Hoang et al.  applied mobile Kinect bounded on a user’s body. It predicts both static as well as dynamic objects and inform the same to visually-impaired people. Moreover, it predicts the people with the help of Kindest SDK sensor and considers the depth of image as input. Further, static objects such as ground and wall are forecasted using plane segmentation in this research work. A modern ultrasonic garment prototype was presented in literature . It is a real-time adaptive object classifier which applies acoustic echolocations to extract the features of objects in navigational path of visually-impaired users.
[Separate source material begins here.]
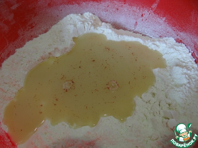 В остальную муку (315 грамм) добавить воду, дрожжи (я предварительно растворила дрожжи в воде), соль и влить настой шафрана, замесить тесто. -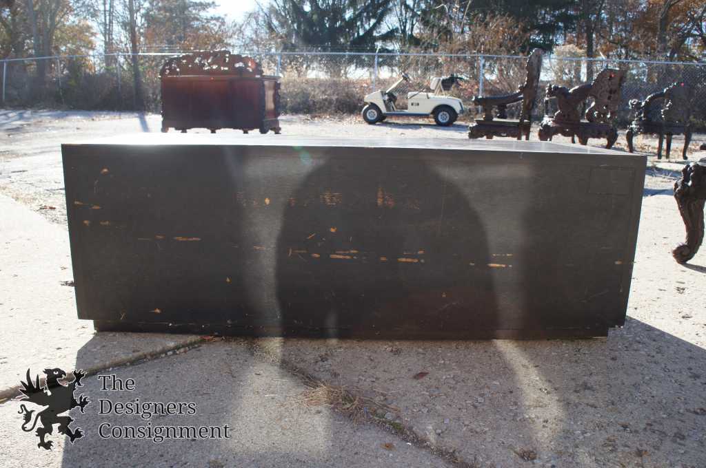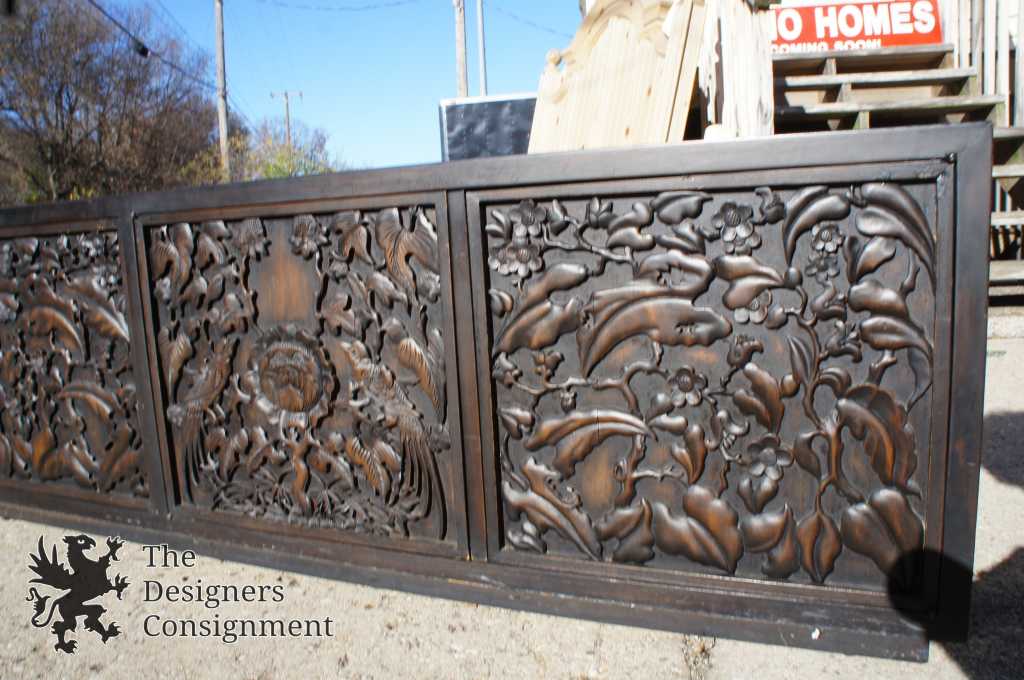 Beautiful 5 panel 3 door caved Asian cabinet. Low profile making it perfect for use as a TV cabinet. Intricately carved with birds in a floral setting. The doors of this cabinet are low profile, so at first it doesn't even appear to open. Once open there are 3 dovetailed drawers along the left and two long shelves to the right. A neat addition to any setting.

Takizawa et al.  presented an object recognition model with the help of computer vision technique like edge prediction that can guide the visually-impaired users to identify the type of object. Mandhala et al.  proposed machine learning-based solution named clustering technique to classify the multi-class object. Bhole et al. , used deep learning techniques such as Single Shot Detector (SSD) and Inception V3 to classify bank concurrency notes in real-time environment. Vaidya et al.  presented an image processing method with machine learning approach to classify the multiclass objects.
When reviewing the state-of-the-art techniques proposed so far to assist the visually-impaired people, most of the models incorporated several sensors to detect the objects. Sensor-based detection techniques have their own setbacks too such as high cost, power consumption and limited accuracy. These drawbacks are experienced when it comes to object detection with respect to distance from the visually-impaired persons during their navigation. A few research works has focused on the prediction of multi-class objects using machine learning models. Those models are heavier in terms of computation and memory resource that may not be suitable for embedding with real-time assistive tools. Recent advancements in computer vision era and deep learning play an important role in the field of object detection. Though several deep learning algorithms have been proposed for object detection applications, it is still challenging to localize the object rather than recognizing it. Hence, an efficient deep learning model is the need of the hour which should be able to locate multiple–objects, classify the multi-class objects found in the scene, should be a light weight model and should attain maximum accuracy in real-time environment at minimum time. The one stage object detector i.e., You Only Look Once (YOLO)  algorithm is the suitable algorithm to meet the requirement.
The key aim of this proposed approach is to guide the visually-impaired users in unknown places by directing them through vocal messages regarding the position of object identified in the scene and its class name. For objection detection and classification, Yolo v3 is used due to its agility in predicting real-time objects . The next section describes the working process of the proposed EODM-AAS model.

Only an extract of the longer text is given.